Groups led by Latinos face similar barriers, says Ana Marie Argilagos, president of Hispanics in Philanthropy. Foundations perceive groups led by Latinos as risker than those led by white people and therefore are reluctant to fund them. Little has changed over time. Even as the population of Latinos in the United States has risen over the past decade to 18 percent, the share of philanthropic dollars going to Latino issues has remained at about 1 percent, according to a study by Candid.
Foundations tell groups run by Latinos that they lack the experience to win grants. But, Argilagos asks, how do they get the track record if no one will fund them? It’s a circular argument that leaves Latino-led groups poorly financed and their communities short on resources. “Nobody gives you a break, and you don’t know these networks,” she says. “How do you get in and show that you are not riskier?”
The Building Movement Project documented differences in the revenues of groups led by people of color and those led by whites and other trends that highlight discrimination in a 2019 report on what it calls the racial leadership gap. Sean Thomas-Breitfeld, the group’s co-director, doesn’t want nonprofit board members to take the wrong message from this data. He is concerned that boards may be less willing to hire leaders of color out of fear that it may impact fundraising. Instead, he says, foundations need to step up and fund groups more equitably.
“We have to think about who holds the power in the spending,” he says, “and make those with the most powerful take on the most responsibility and accountability.”
According to a 2014 study, 92 percent of foundation presidents are white as are nearly 70 percent of program officers.
Many foundations have discussed equity and participated in diversity training for years. But progress has been slow, and foundation staffs remain largely white.
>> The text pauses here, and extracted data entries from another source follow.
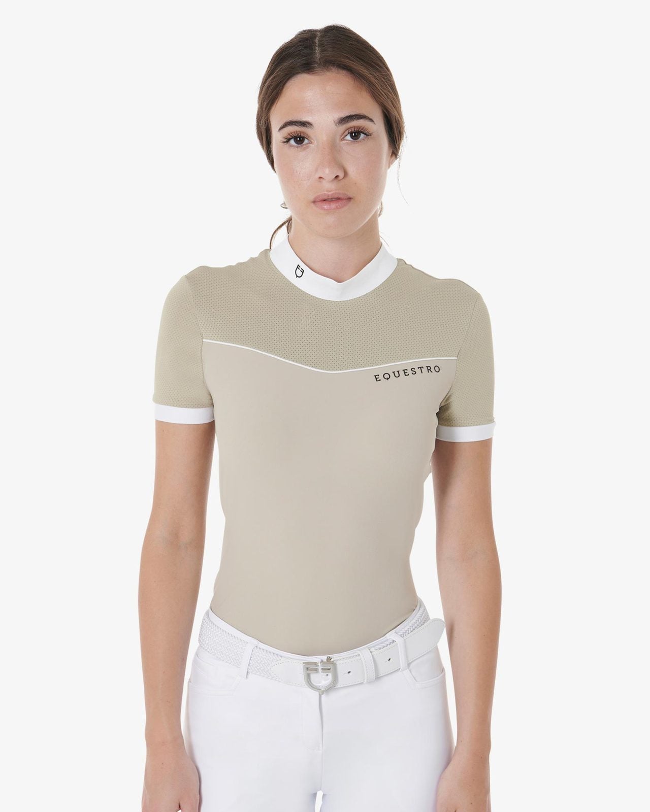 Lækker stævne-polo fra Equestro i slim fit, lavet i teknisk stof med meshstof. Stoffet er af super lækker kvalitet samt meget elastisk, åndbart og temperaturregulerende, hvilket giver en super komfort for rytteren. Det feminine snit gør, at denne t-shirt
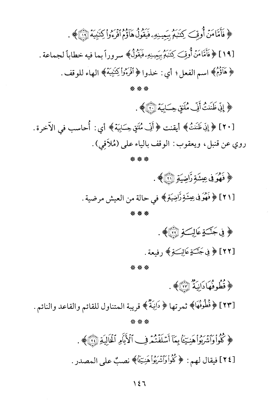 [19] {فَأَمَّا مَنْ أُوتِيَ كِتَابَهُ بِيَمِينِهِ فَيَقُولُ} سرورًا بما فيه خطابًا لجماعة.
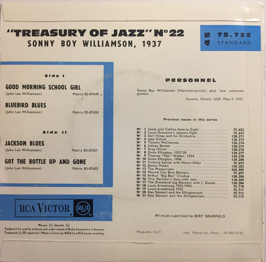 Sonny Boy Williamson - Treasury Of Jazz N° 22 (7", EP) France 1962 NM or M-
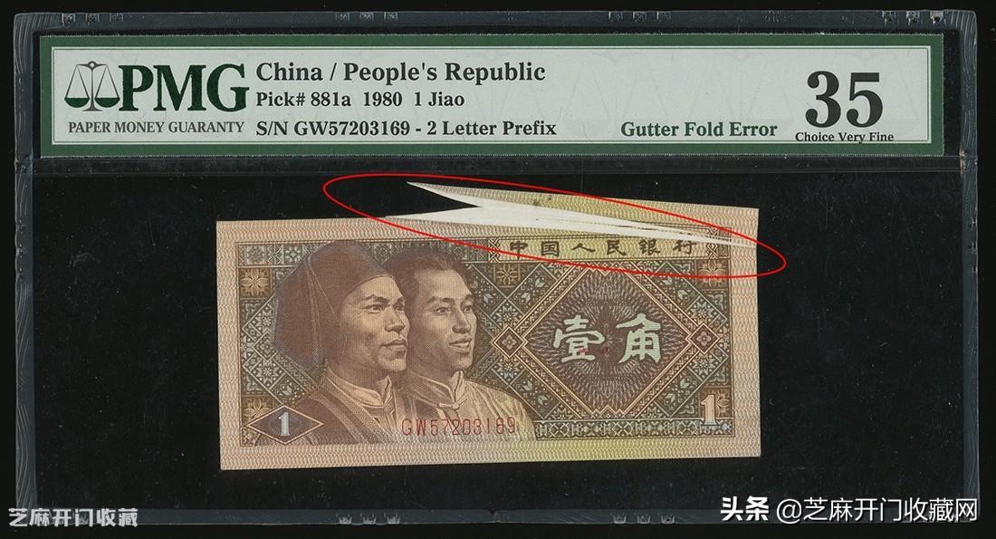 3:中国人民银行第四版人民币一角,1980年,裁切福耳错体,PMG鑑定,评35,罕见,成交价格: HKD 3600
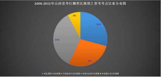 2008-2015年总共考查类比推理题的数量为65道,那么类比推理题考查的具体考点数量分布又是如何的呢?
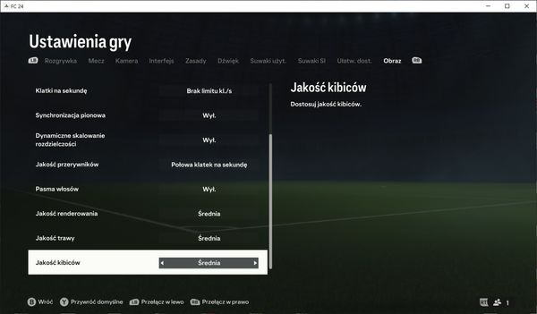 Piłkarz bez piłki porusza się normalnie, gdy ma piłkę przy nodze, obraz przycina. Wygląda to mniej więcej jakby był wyświetlany w 25fps.
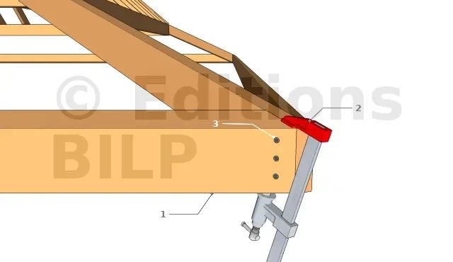 - 2. Utiliser un serre-joint pour éviter que le chevron d’arêtier ne bouge pendant la fixation
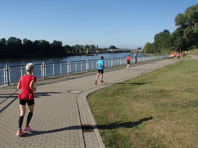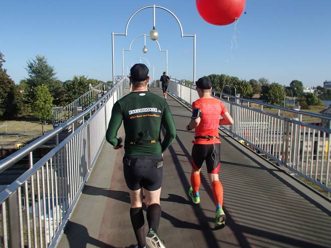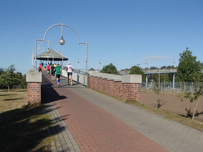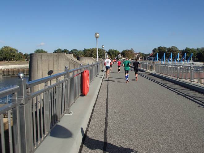 Weserwehr 10.46 Uhr / Km 13,3 Der Bremen-Marathon hat nicht allzu viele Höhenmeter. Dafür bietet er ein paar fiese Unterführungen. Und über das Weserwehr muß man. |
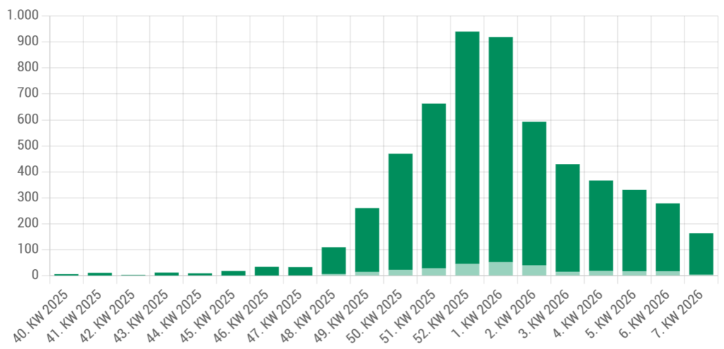 Die jüngsten wöchentlich erhobenen Influenza Nachweiszahlen deuten auf ein Abklingen der aktuellen Influenzasaison 2025/2026 hin (Abb. 1)
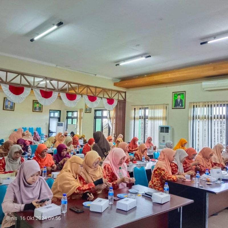 Kemenag Sleman News (MTsN 2 Sleman) — Pada Rabu (16/10) lalu, salah satu pegawai MTsN 2 Sleman, Maemunah, mengikuti kegiatan Dharma Wanita Persatuan (DWP) yang diselenggarakan di ruang aula Kantor Kementerian Agama (Kemenag) Kabupaten Sleman. Kegiatan ini diisi dengan praktik membuat bros, yang diikuti oleh para anggota DWP dari berbagai instansi di bawah naungan Kemenag Kabupaten Sleman.
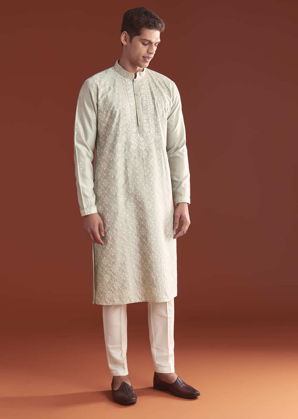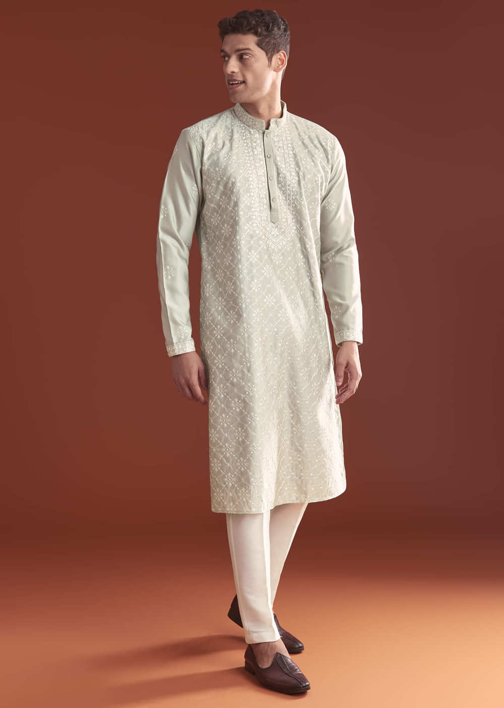 Grey Silk Kurta Set For Men With Resham Embroidery

According to a 2014 study, 92 percent of foundation presidents are white as are nearly 70 percent of program officers.
The Bridgespan report notes that some foundations have made strides in addressing these inequities. It highlights efforts by the Ford Foundation, the San Francisco Foundation, Borealis Philanthropy, and others. It also recommends that foundations broaden the pipelines through which they discover groups to fund and look for diversity. It also suggests that they work on “dismantling unconscious bias” and rethink ingrained practices like only funding groups of a certain size, which can lead to discrimination against smaller groups led by people of color.
Thomas-Breitfeld and others say that foundations need to do a better job of hiring more people of color and getting them into leadership positions, something grantmakers have struggled to do. Argilagos says that she knows of many talented Latinos who run community foundations that are well qualified to move into leadership roles at large national foundations. Despite that, she knows only one Latino who leads a national foundation.
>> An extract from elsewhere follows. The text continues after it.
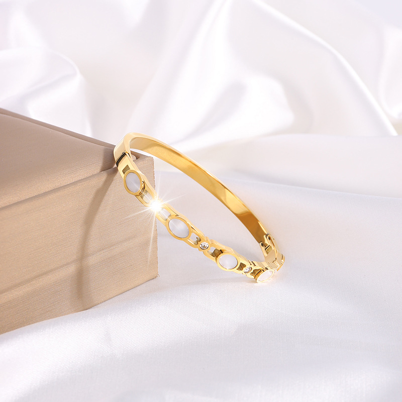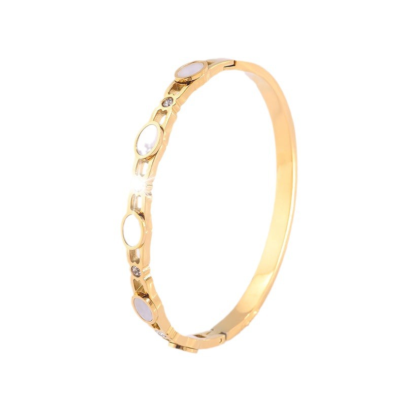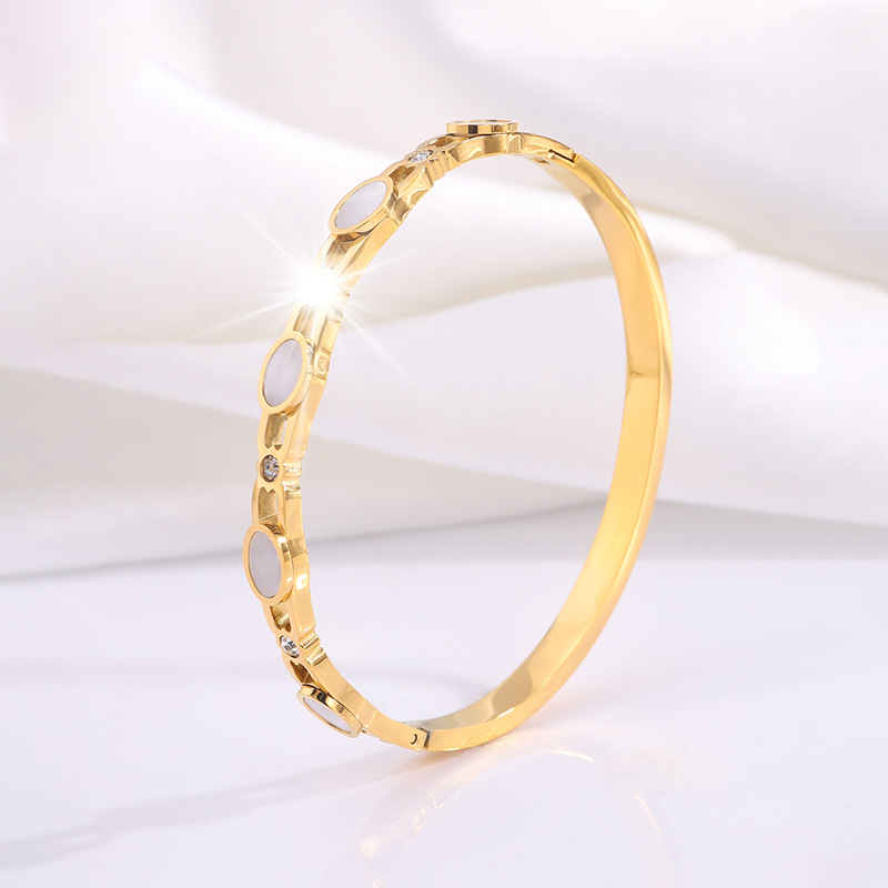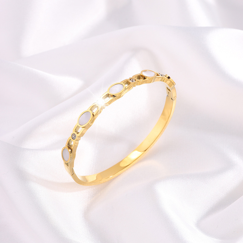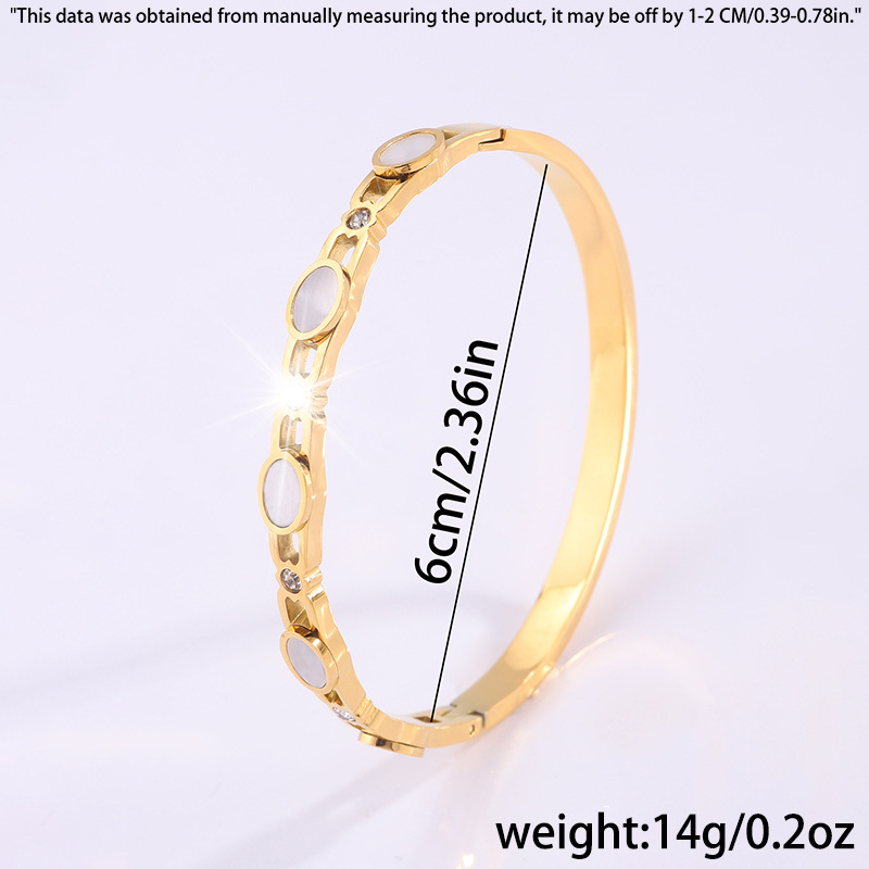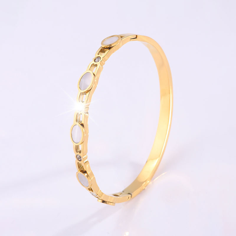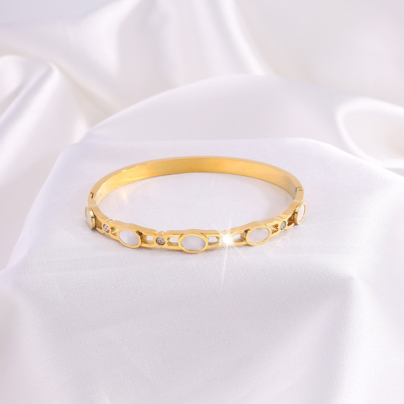 Braccialetto dell'acciaio inossidabile, 304 acciaio inox, with bianco conchiglia, placcato, per la donna & con strass & cavo, dorato, Venduto da PC

Because personal relationships are so central to securing foundation grants, diversifying foundation staff can be an effective way to reduce the racial funding gap…
Because personal relationships are so central to securing foundation grants, diversifying foundation staff can be an effective way to reduce the racial funding gap, Thomas-Breitfeld says. “A more diverse staff will bring relationships with the leaders of color who are doing the work on the ground,” he says. “They are more likely to be attuned to building relationships with leaders who haven’t been able to get their get their foot in the door of the foundations previously.” It won’t solve everything, he cautions, foundations still have processes and procedures that can lead to discrimination in grantmaking, but diversifying staff and leadership is an important step.